United States District Court, D. Arizona
Apr 23, 2007
No. CV 06-02794-PHX-FJM (D. Ariz. Apr. 23, 2007)

Opinion

No. CV 06-02794-PHX-FJM.

April 23, 2007


ORDER


I.

The court has before it plaintiff/counterdefendant Khouri's ("plaintiff") "Motion to Dismiss Counterclaim" (doc. 8); defendants/counterclaimants Yuma Gastroenterology P.C., Esker, Sanghvi and Anireddy's ("defendants") "Opposition to Motion to Dismiss Counterclaim and Motion for Leave to Amend Counterclaim" (doc. 10) and "[Proposed] Amended Counterclaim" (attached as an exhibit to doc. 10); plaintiff's "(1) Reply in Support of Motion to Dismiss; (2) Opposition to Motion for Leave to Amend Counterclaim" (doc. 12). and defendants' "Reply in Further Support of Their Motion to Amend" (doc. 14). Plaintiff moves to dismiss pursuant to Rule 12(b)(1), Fed.R.Civ.P., arguing that we do not have supplemental jurisdiction over defendants' counterclaims. For the reasons stated below, we deny plaintiff's motion.

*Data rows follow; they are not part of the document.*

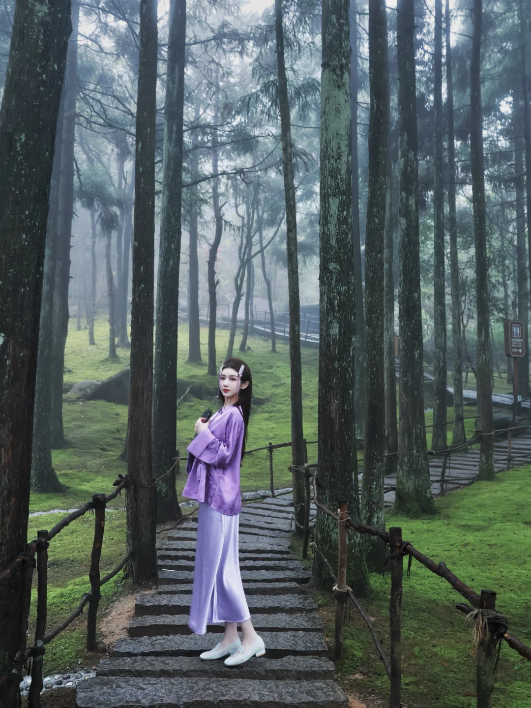 来拍照了 这里拍照很出片 紫色果然很有韵味 新中式氛围感拉满了 紫色最有韵味 人间绝绝紫 紫色系渐变 好不容易爬到山上,结果下雨了,但是来都来了,还是拍几张先永远相信新中式的魅力
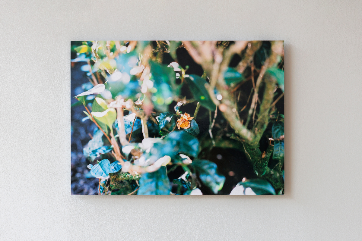 お茶のフィールドワークでは茶園を何回も訪れ、茶園からお茶が皆様のお手元に届くまでのプロセスを研究し、その中でもお茶の花が咲くところにフォーカスしています。茶葉を作る工程で、花が満開になってしまうとお茶の味や風味が落ちるために疎まれている白く可憐な花。本来植物が成長する過程で自然に生まれるものが人の手によって強制的に排除されてしまう。
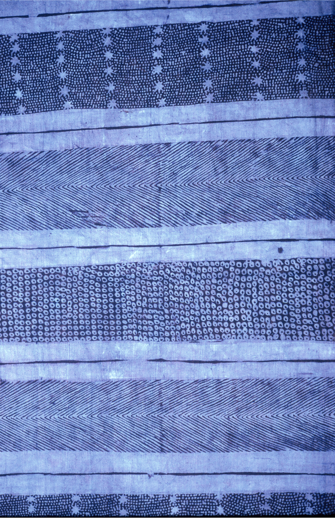 This is a Wrapper. It is dated late 20th century and we acquired it in 1979. Its medium is cotton and its technique is factory-woven plain weave, hand-applied cassava paste resist, indigo-dyed (adire). It is a part of the Textiles department.

Although plaintiff moves to dismiss defendants' "counterclaim," defendants' answer alleges counterclaims of defamation and slander, breach of fiduciary duty and breach of contract. See Answer (doc. 5) at 9-11. For the sake of clarity, we note that this order addresses our ability to assert jurisdiction over each counterclaim.

Defendants alternatively seek leave to amend to assert independent jurisdictional bases. Because we conclude that we have supplemental jurisdiction over the counterclaims, we do not reach defendants' alternative argument, and deny the motion to amend on grounds of mootness.

II.

We have original jurisdiction over plaintiff's claims pursuant to 28 U.S.C. § 1332. If defendants' counterclaims are so related to plaintiff's claims "that they form part of the same case or controversy," we have supplemental jurisdiction over the counterclaims pursuant to 28 U.S.C. § 1367(a). Counterclaims that derive from the same "common nucleus of operative fact" as the original claims form part of the same case or controversy as the original claims. United Mine Workers v. Gibbs, 383 U.S. 715, 725, 86 S. Ct. 1130, 1138 (1966).

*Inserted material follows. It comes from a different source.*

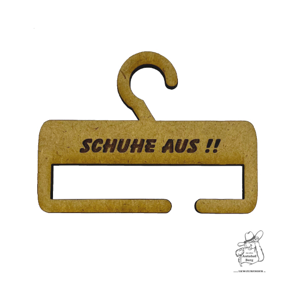 Minischalbügel aus Holz mit Schriftzug "SCHUHE AUS !!"

Plaintiff argues that we have supplemental jurisdiction under § 1367(a) if defendants' counterclaims are compulsory; that is, if they arise "out of the transaction or occurrence" that is the subject matter of plaintiff's claims. See Motion to Dismiss at 3 (quoting Fed.R.Civ.P. 13(a)). The Ninth Circuit applies the "logical relationship" test to determine whether a counterclaim is compulsory. In re Pinkstaff, 974 F.2d 113, 115 (9th Cir. 1992). A logical relationship exists between the counterclaim and the claim when "the same operative facts serve as the basis of both claims or the aggregate core of facts upon which the claim rests activates additional legal rights otherwise dormant in the defendant." Id. Also, claims have a logical relationship when "`the essential facts of the various claims are so logically connected that considerations of judicial economy and fairness dictate that all the issues be resolved in one lawsuit.'" Hydranautics v. FilmTec Corp., 70 F.3d 533, 536 (9th Cir. 1995) (quotation omitted).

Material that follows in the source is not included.